¿Cuál fue el último año en el que el Perú no tuvo un suceso político o evento natural de grandes proporciones? Vale la pena hacer una brevísima revisión, empezando por lo más cercano.
El 2023 se inició con las protestas más grandes y violentas de la década y continuó con altas temperaturas, heladas, lluvias y sequías. El año anterior a ese estuvo marcado por un embate sistemático al aparato público a cargo de la administración del entonces presidente Pedro Castillo (la tensión fue constante) y coronado nada menos que por un intento de golpe de Estado en diciembre. El 2021 tuvo las elecciones presidenciales más divisivas de la historia reciente, que culminaron con la victoria del candidato más improbable y menos preparado, y aún rezagos de la pandemia que consumió el 2020. Durante este último período, además del COVID-19, el país vivió elecciones congresales extraordinarias en enero y la vacancia presidencial de Martín Vizcarra en noviembre, seguida de nutridas protestas y la efímera presidencia de Manuel Merino. En el 2019, Vizcarra sacudió las estructuras democráticas con el cierre del Congreso, en tanto que en el 2018 la noticia más relevante fue la renuncia del ahora expresidente Pedro Pablo Kuczynski, motivada por una amenaza de vacancia por incapacidad moral permanente. En el 2017 soportamos el fenómeno de El Niño (FEN) más potente del siglo XXI y en el 2016 tocaron otros comicios generales de película.
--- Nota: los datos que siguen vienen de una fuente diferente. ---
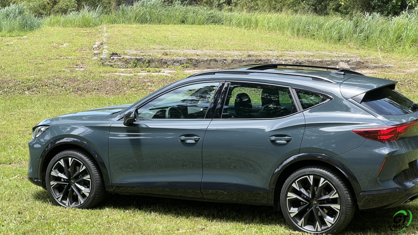À l'arrière, les feux adoptent là aussi la signature lumineuse sous forme de trois triangles, alors que le bandeau qui les relie abrite désormais le logo rétroéclairé. On notera la CUPRA FORMENTOR fait appel à de nouvelles sorties d’échappement factices au look plus sportif et que les réflecteurs positionnés plus haut deviennent verticaux. Dessiné pour jouer les sportifs les ingénieurs de la marque ont arrondis les angles tout en conservant certaines lignes acerbes et agressives… la poupe qui se termine légèrement surélevée lui donne un côté baroudeur, la proue elle s’affirme et sa large calandre officie comme une armure striée qui donne un aspect solide et respectueux… La voiture est spécialement bien dessinée loin de certaines abruptes concurrentes trop spatiales aux allures trop stéréotypées… Non je fais face là à un modèle véritablement identitaire qui favorise le coup de cœur dans grâce à sûre réussite stylistique …

La seguidilla ha sido abrumadora.
En suma, van por lo menos ocho años en los que el Perú no tiene un período anual de relativa estabilidad. Para cualquier país, eso es un exceso que roza lo absurdo y, sin duda, explica buena parte de la caída en el crecimiento potencial.
¿Podría el 2024 ser el primer año con algo de calma general? A juzgar por la historia reciente, no es mala idea tener bien puestos los cinturones de seguridad. Al mismo tiempo, tampoco es descabellado pensar que –si el FEN termina siendo menos grave de lo anticipado– este año que recién empieza podría ver algo de predictibilidad mientras se prepara la cancha para las elecciones generales del 2026.
Los motivos son varios. Desde el lado político, el precario equilibrio entre poderes del Estado ha demostrado ser más resiliente de lo anticipado a inicios de la gestión del Ejecutivo y –para bien o para mal– no se esperan demasiados sobresaltos de la administración de la presidenta Boluarte. Aquí, los principales riesgos vienen del Congreso. Desde el lado económico, la inflación finalmente debería volver al rango meta en los próximos meses –con la implicancia que ello tiene sobre las tasas de interés–, actividades como pesca y agro normalizar parcialmente su ciclo, el cobre mantenerse en buen precio y sectores claves como construcción y servicios recuperar dinamismo. En el plano internacional, a pesar de los conflictos en Israel y Ucrania, el escenario base sigue siendo uno de relativa estabilidad, con una reducción progresiva de tasas de interés en los bancos centrales del mundo desarrollado hacia la segunda mitad del año. Con ese panorama, lo esperable es que siga una (lenta) recuperación de la confianza en el país.
Lógicamente, los problemas estructurales que venimos arrastrando no se solucionan con un año de calma. De hecho, es posible que sean estos mismos problemas los que hagan muy difícil lograr esos 12 meses y, aun si lo logramos, nada garantiza que el 2025 o el 2026 entremos a aguas mansas. Pero el país –y su institucionalidad y economía– agradecerían muchísimo un respiro. Si para nada más, por lo menos para ganar confianza y demostrar que sí se podía.